Not sure how the strange results on your computer emerged. (Perhaps some sort of encoding issue?) To investigate it, I would store the intermediate results (i.e., of PRXCHANGE alone, then of COMPRESS) in separate variables. As mentioned earlier, the code version which also handles nested pairs of parentheses is that with the DO-UNTIL loop, but this is not the point here.
- Mark as New
- Bookmark
- Subscribe
- Mute
- RSS Feed
- Permalink
- Report Inappropriate Content
@NN, it is realy strange and may be it is a result of the environment differences.
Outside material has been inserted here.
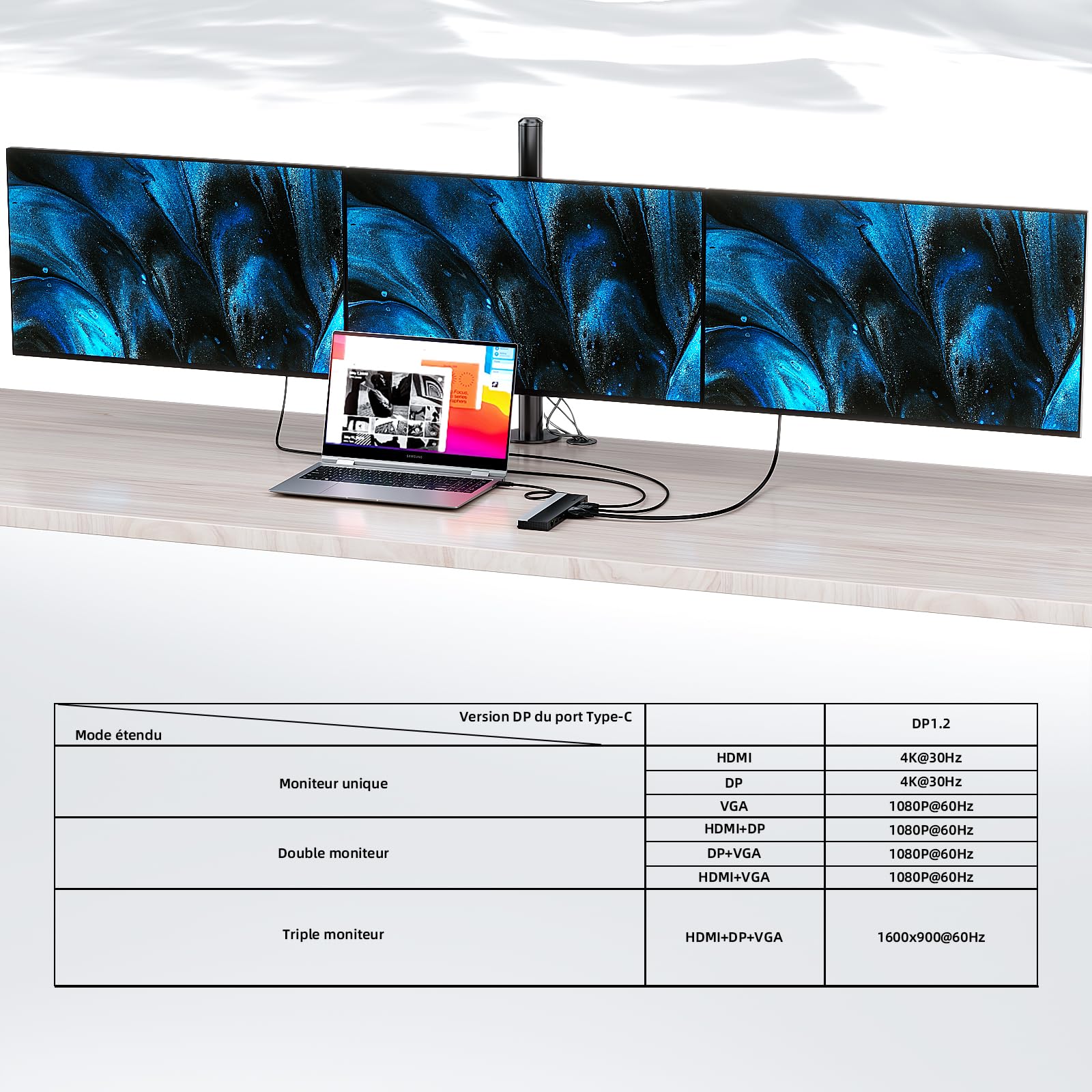 Nos produits sont livrés sans chargeur, veuillez utiliser un chargeur 20 V/5 A/100 W. WAVLINK Station d'accueil USB-C 3 moniteurs avec HDMI, DP, VGA, 100 W PD, USB3.0&2.0, RJ45, emplacements SD/TF, Audio/Microphone, pour Lenovo/HP/Dell, etc WAVLINK Station d'accueil USB-C 3 moniteurs avec Vidéo de marchand Port Gigabit Ethernet RJ45 pour une connexion plus stable et plus rapide. Pour certaines cartes graphiques qui ne prennent en charge que 3 moniteurs, vous devez éteindre l'écran hôte. Le port de type C de l'appareil hôte doit prendre en charge la sortie vidéo et la fonction de charge, veuillez utiliser un chargeur 20 V/5 A/100 W (non inclus). Il a toutes les fonctions dont vous avez besoin Station D'Accueil Usb C Double Moniteur-Triple Moniteurs, Station D Station d'accueil avec alimentation 100 W, 85 W pour charge d'ordinateur portable. Si vous me demandez quelle est la solution ultime, c'est bien cela. Si vous souhaitez élargir l'écran, choisissez-le Meilleure station d'accueil pour ordinateurs portables Moniteur Portable WAVLINK Station D'accueil USB-C 3 Moniteurs Avec HDMI, DP, VGA, 100 W PD, USB3.0&2.0, RJ45, Emplacements SD/TF, Audio/Microphone, Pour Lenovo/HP/Dell, Etc. - Gris Station D'accueil Usb C Il peut étendre 3 écrans, 1600 x 900 @ 60 Hz ; il peut étendre 2 écrans, 2 x 1080p ; il peut étendre 1 écran, 4K @ 30Hz (HDMI ou DP).

I have run the second code and got the same issue as before:
The code and sample data -
%let maxl=30; /* max string length */
data have;
length string $&maxl;
input string $&maxl..;
cards;
How (are (you (my friend)))
(This (is)) (a) test)
(This (is)) ((a) test
(This (is)) ((a) test).)
(This is (a) test)
(This is a test
This is a test)
(This (is) a test
(This is) a test)
)This (is a test
This (is) (a) test)
; run;
data want_F;
set have;
_org = string;
do until(string=lag(string));
string=prxchange("s/\(([^\(\)]*)\)/þ$1ÿ/",-1,string);
end;
string=translate(compress(string,"()"),"()","þÿ");
putlog _N_= _org= / ' ' string=;
run;
the log with results -
122 data want_F; 123 set have; 124 _org = string; 125 do until(string=lag(string)); 126 string=prxchange("s/\(([^\(\)]*)\)/þ$1ÿ/",-1,string); 127 end; 128 string=translate(compress(string,"()"),"()","þÿ"); 129 putlog _N_= _org= / ' ' string=; 130 run; _N_=1 _org=How (are (you (my friend))) string=How are ()you ()my friend( ( _N_=2 _org=(This (is)) (a) test) string=()This ()is( ( ()a( test _N_=3 _org=(This (is)) ((a) test string=()This ()is( ( ()a( test _N_=4 _org=(This (is)) ((a) test).) string=()This ()is( ( ()()a( test( _N_=5 _org=(This is (a) test) string=()This is ()a( test( _N_=6 _org=(This is a test string=This is a test _N_=7 _org=This is a test) string=This is a test _N_=8 _org=(This (is) a test string=This ()is( a test _N_=9 _org=(This is) a test) string=()This is( a test _N_=10 _org=)This (is a test string=This is a test _N_=11 _org=This (is) (a) test) string=This ()is( ()a( test NOTE: There were 11 observations read from the data set WORK.HAVE.
so, if it works fine at your environment, ignore the issue I have.
I'm using SAS UE with Oracle VM virtual box, windows 10.
I have no explanation for the issue.
- Mark as New
- Bookmark
- Subscribe
- Mute
- RSS Feed
- Permalink
- Report Inappropriate Content
While @FreelanceReinh chosed 'þ'='FE'x and 'ÿ'='FF'x,
those characters behave differently in my environment, that is UTF-8:
73 data a; 74 x="þÿ"; 75 putlog x= $hex.; 76 run; x=C3BEC3BF
and this probably explains my issue.